═══ DATA FOR PROCESSING

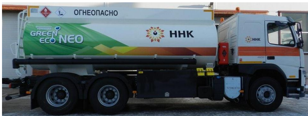
Рисунок 1 - Общий вид автоцистерны АЦ-17-FM

Общие виды АЦ-17 и ПЦ-13 представлены на рисунках 1 и 2.
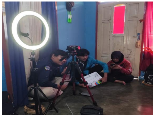
Proses wawancara kepada pemilik UMKM upia karanji.
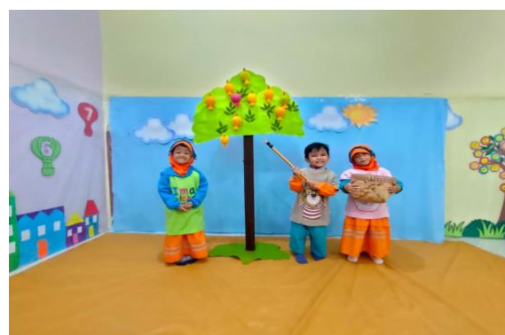
Bermain peran Tanaman yang ada dalam Al Qur'an (delima)
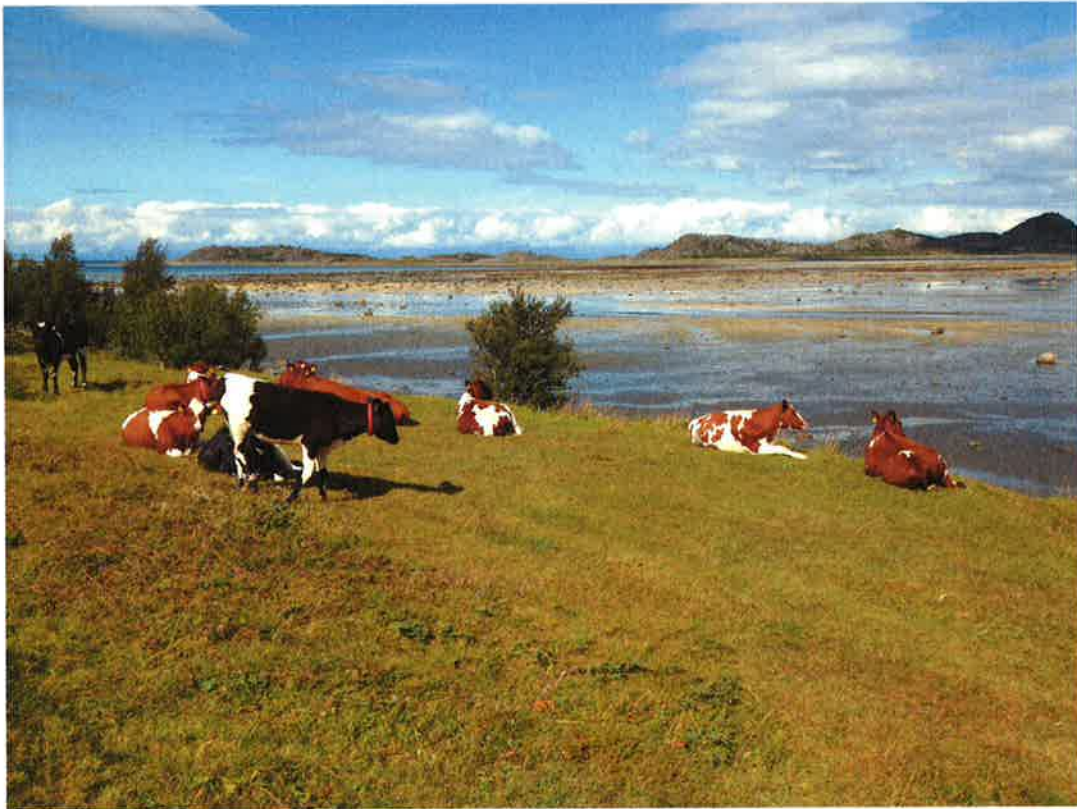
Bø. Steigen kommune

Steigen , Hamarøy og Tysfjord kommuner ønsker å opprettholde et aktivt og bærekraftig landbruk der kulturlandskap og biologisk mangfold er blant de bærende elementer.
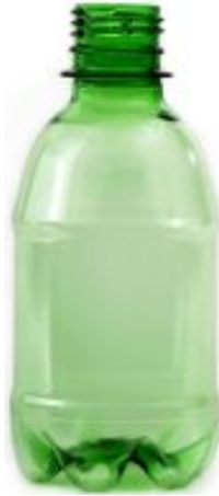
Garrafa do tipo PET com 250 ml de água

Sugestão de simulacro para treinamento e aplicação do teste:
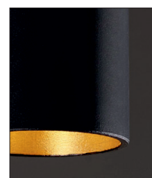
.02.29 Nero foglia oro Black gold leaf
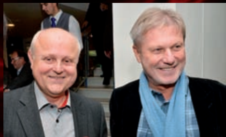
Oslavy se zúčastnil i skladatel Zdeněk Merta.
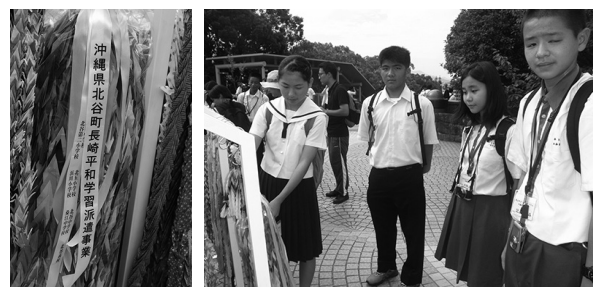
長崎 ▲千羽鶴を献納しました！！
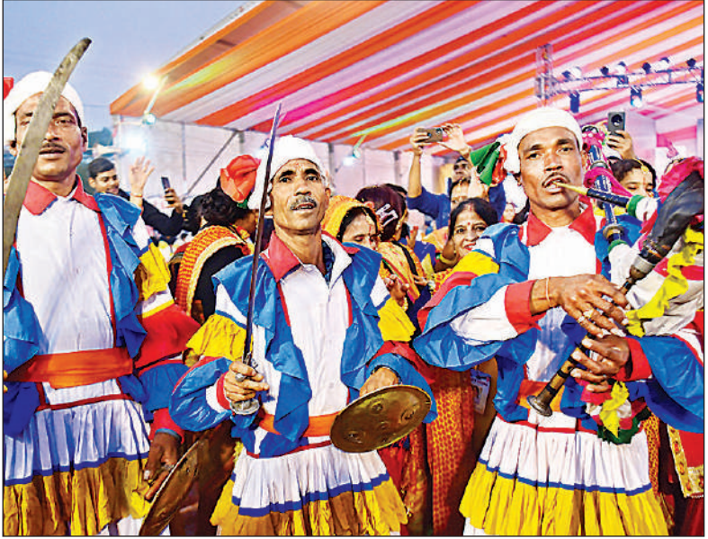
महोत्सव में ढाल, तलवार और बौन के साथ कार्यक्रम प्रस्तुत करते कलाकार।
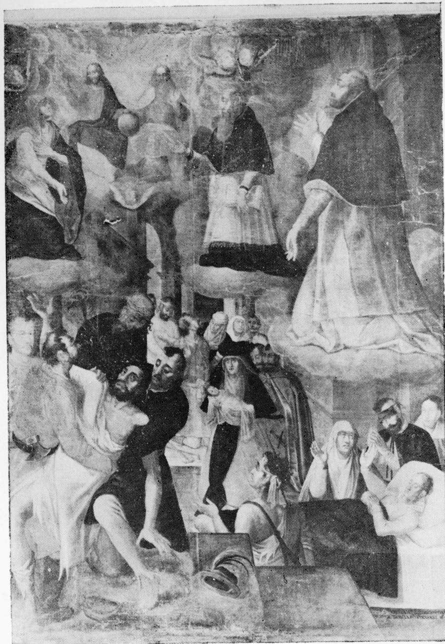
7. Kościół Bożego Ciała w Krakowie. Uzdrawienie za przyczyną Stanisława Kazimierczyka. Mal. Ł. Porębski, 1619 r.
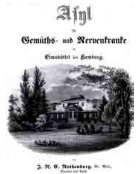
Dr. Rothenburgs Werbebroschüre von 1852: Asyl in Parklandschaft .

Kranken zuträglich Lage, „welche noch nicht von dem Gedränge des Stadtlebens oder dem Geräusch und Dunst der Fabriken und Dampfmaschinen berührt worden ist.“ Und er warb auch damit, dass Hamburgs Umlande bekannt und beliebt seien „wegen ihrer Großartigkeit und Lieblichkeit“. Auch wenn er dann großmütig zugibt, das „die erstere“, nämlich die Großartigkeit in Eimsbüttel doch
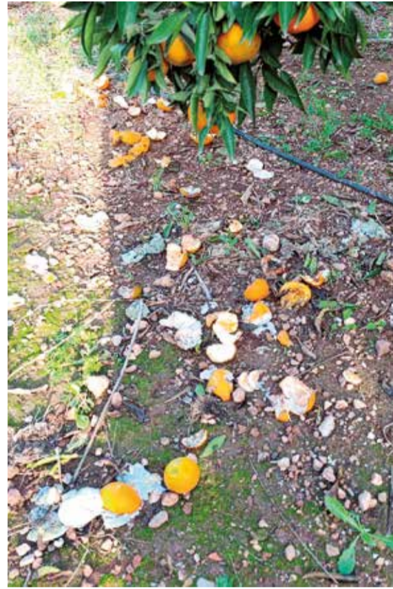
Conseqüències recents de la sobrepoblació de javalins en els camps de cultiu del Camp de Morvedre.
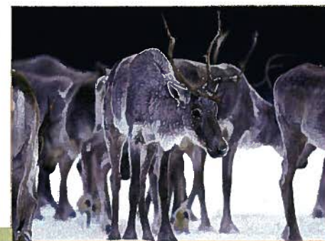
Caribou forestier (MNRN)
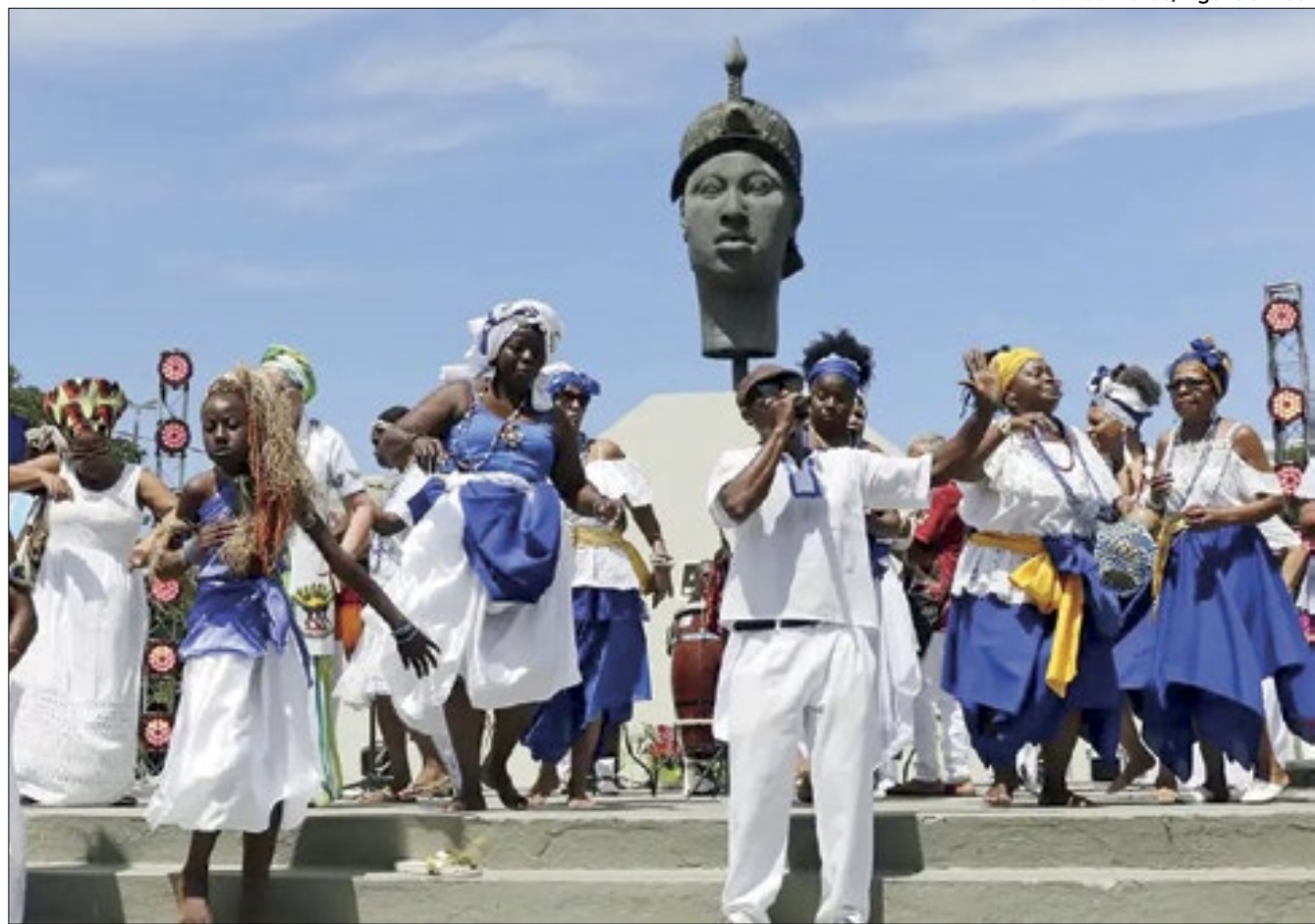
Celebração da data no Rio de Janeiro é no Centro, no monumento de Zumbi dos Palmares

══════

PROBLEM TO SOLVE
Your answer must be the lines from the one containing "Garrafa do tipo PET com 250 ml de água" through the last line of the records, copied exactly, with no pictures.

SOLUTION TO THIS TASK
Garrafa do tipo PET com 250 ml de água

Sugestão de simulacro para treinamento e aplicação do teste:
.02.29 Nero foglia oro Black gold leaf
Oslavy se zúčastnil i skladatel Zdeněk Merta.
長崎 ▲千羽鶴を献納しました！！
महोत्सव में ढाल, तलवार और बौन के साथ कार्यक्रम प्रस्तुत करते कलाकार।
7. Kościół Bożego Ciała w Krakowie. Uzdrawienie za przyczyną Stanisława Kazimierczyka. Mal. Ł. Porębski, 1619 r.
Dr. Rothenburgs Werbebroschüre von 1852: Asyl in Parklandschaft .

Kranken zuträglich Lage, „welche noch nicht von dem Gedränge des Stadtlebens oder dem Geräusch und Dunst der Fabriken und Dampfmaschinen berührt worden ist.“ Und er warb auch damit, dass Hamburgs Umlande bekannt und beliebt seien „wegen ihrer Großartigkeit und Lieblichkeit“. Auch wenn er dann großmütig zugibt, das „die erstere“, nämlich die Großartigkeit in Eimsbüttel doch
Conseqüències recents de la sobrepoblació de javalins en els camps de cultiu del Camp de Morvedre.
Caribou forestier (MNRN)
Celebração da data no Rio de Janeiro é no Centro, no monumento de Zumbi dos Palmares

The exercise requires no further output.